ASSIGNED TASK.
Keep the pictures out while you transcribe the listing below exactly.
____ SUPPLIED INFORMATION
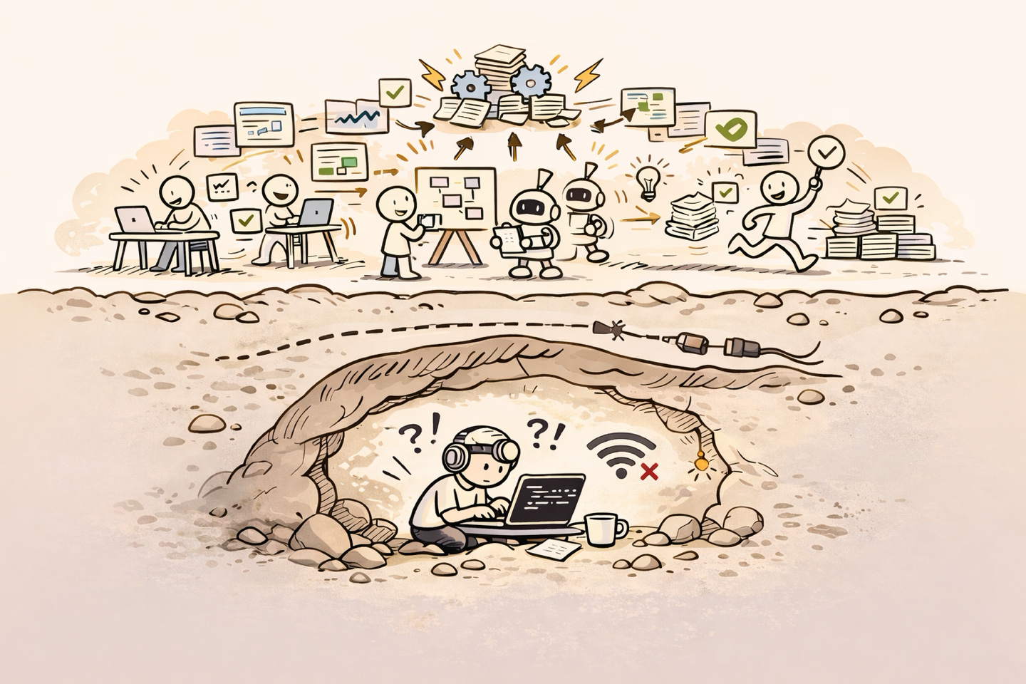 에이전트 20개를 돌리면 속도가 워낙 빨라서, 작업을 잠깐이라도 공유하지 않으면 광산 밑에서 혼자 일하는 꼴이에요. 세상이 순식간에 지나가버리고, 그 사이에 만든 코드는 이미 바뀌어버린 코드 위에 얹을 수가 없거든요.
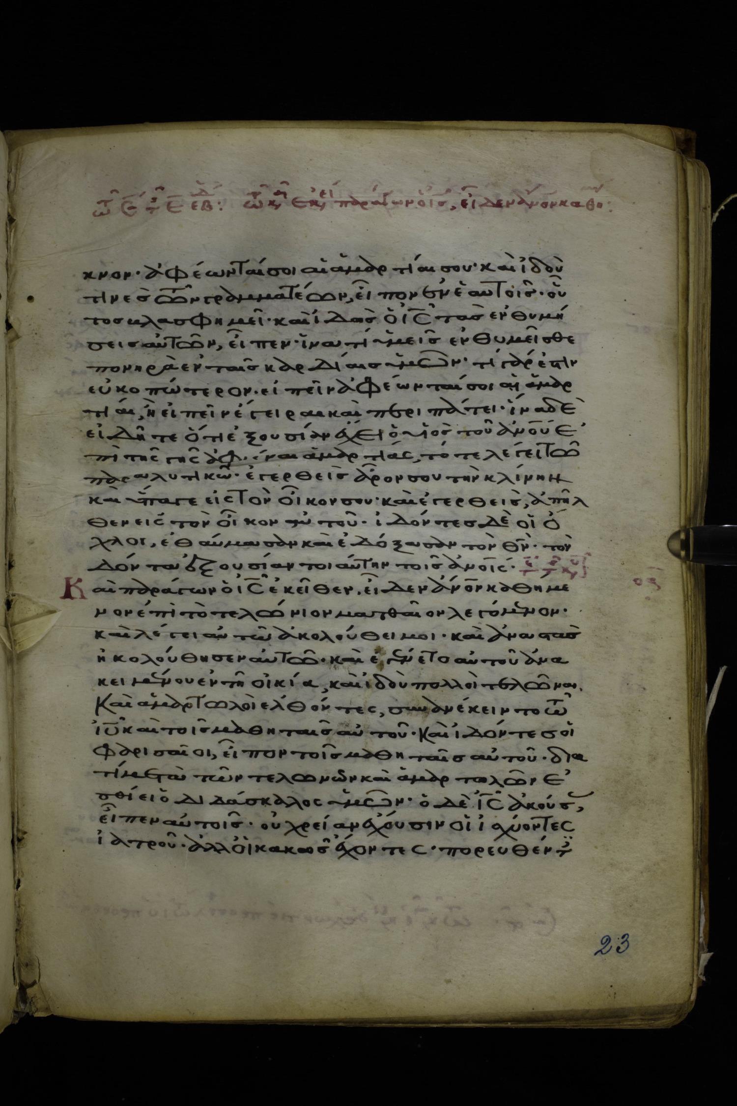Twelfth or thirteenth century minuscule of the Gospels on parchment; 171 leaves, 1 column, 26-28 lines per column. Images were taken at the National Library of Greece in Athens.
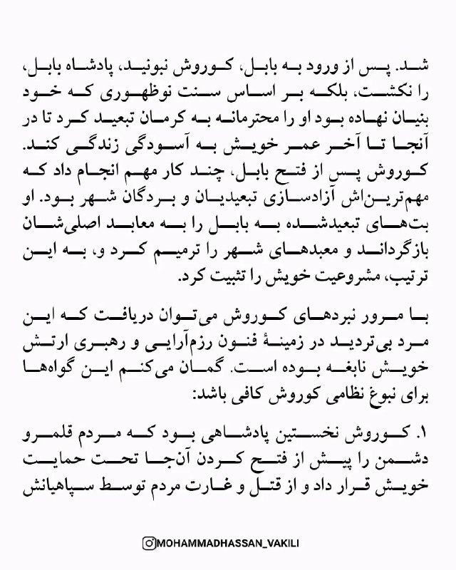 ۱. کوروش رهاییبخش، شروین وکیلی، گفتار دوم: سیاست کوروش.
________
RESPONSE AREA.
 에이전트 20개를 돌리면 속도가 워낙 빨라서, 작업을 잠깐이라도 공유하지 않으면 광산 밑에서 혼자 일하는 꼴이에요. 세상이 순식간에 지나가버리고, 그 사이에 만든 코드는 이미 바뀌어버린 코드 위에 얹을 수가 없거든요.
Twelfth or thirteenth century minuscule of the Gospels on parchment; 171 leaves, 1 column, 26-28 lines per column. Images were taken at the National Library of Greece in Athens.
 ۱. کوروش رهاییبخش، شروین وکیلی، گفتار دوم: سیاست کوروش.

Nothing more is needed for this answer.